Experimental data confirm that the hybrid algorithms give reasonable results compared with the original algorithm, also the proposed IP can improve the performance of the original algorithms. But we note some things:

1. Because of the increasing of computational times of the algorithm, we can not take all efficient partial sequences in INS_FUN procedure, we reduce them to (p = 500) if the number exceed 500 efficient partial sequences as mentioned above.
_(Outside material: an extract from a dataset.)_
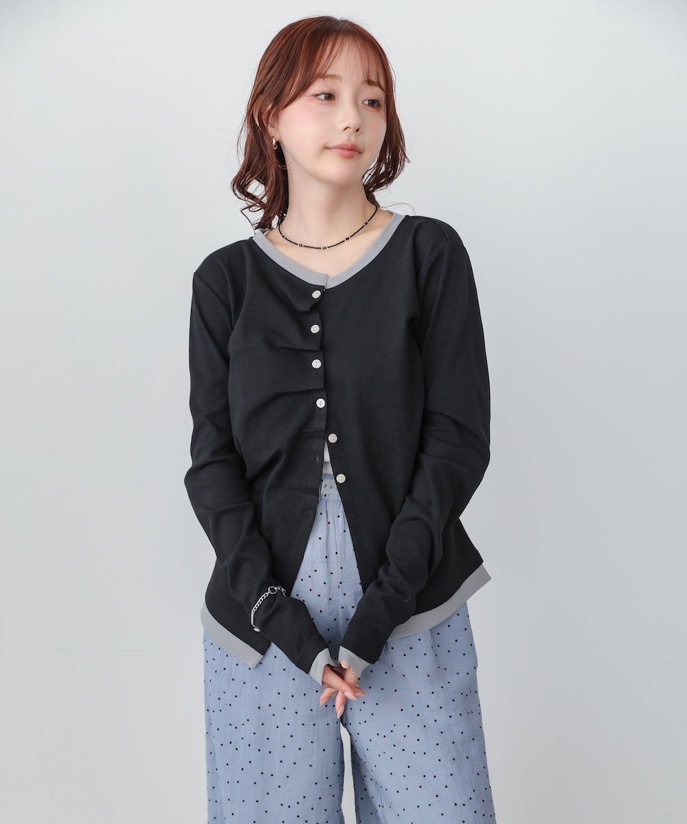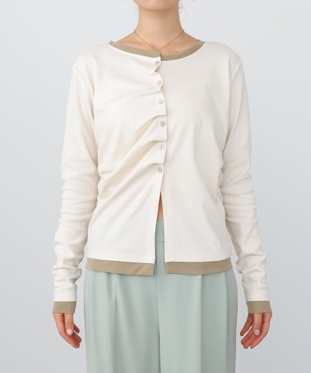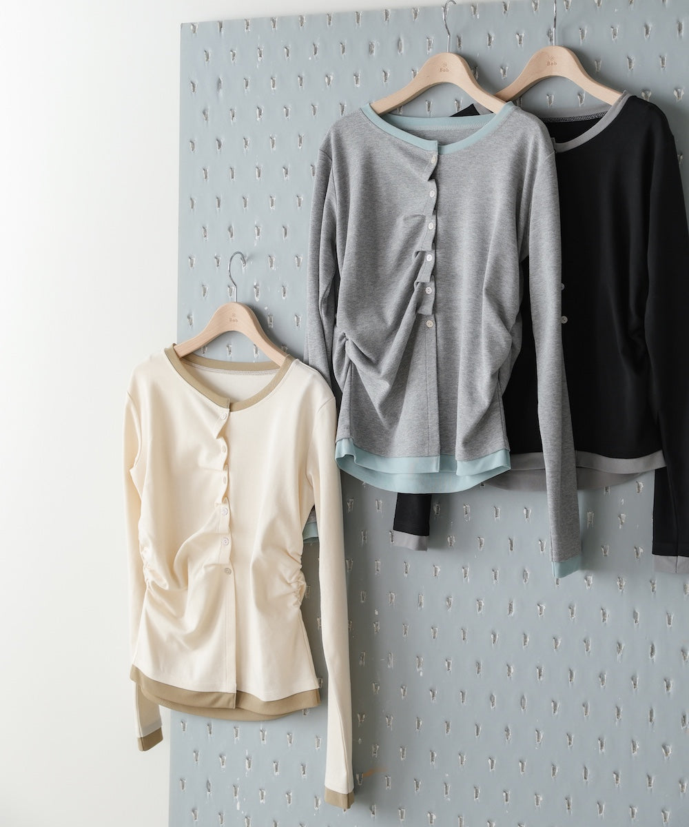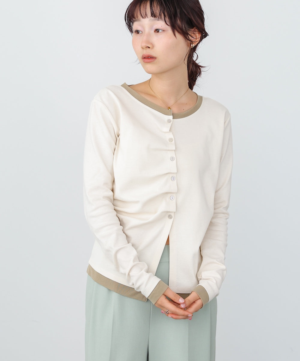 アシンメトリーに寄せたドレープデザインが目を惹く、配色レイヤードカーディガン。さりげなく覗く配色カラーが、シンプルな中にひとクセを添えるポイントです。立体感のあるシルエットで、羽織るだけでコーデがぐっとこなれた印象に。アイボリーは柔らかく上品に、グレーはニュアンス感たっぷりに、ブラックはモードに仕上がります。

So we may lose some complete efficient solutions through this process.

2. Also because of computational times, we can not examine all neighborhood solutions of the considered (current solution) in the local search steps of the proposed hybrid algorithms, so to insure the diversity, we choose the neighborhood randomly and we use three kinds of neighborhoods for the current solution.

3. According to the two above points, we need to further improving the IP procedure for choosing reasonable best efficient partial sequences.
Further work can be done by applying the proposed IP procedure on other multiobjective algorithms.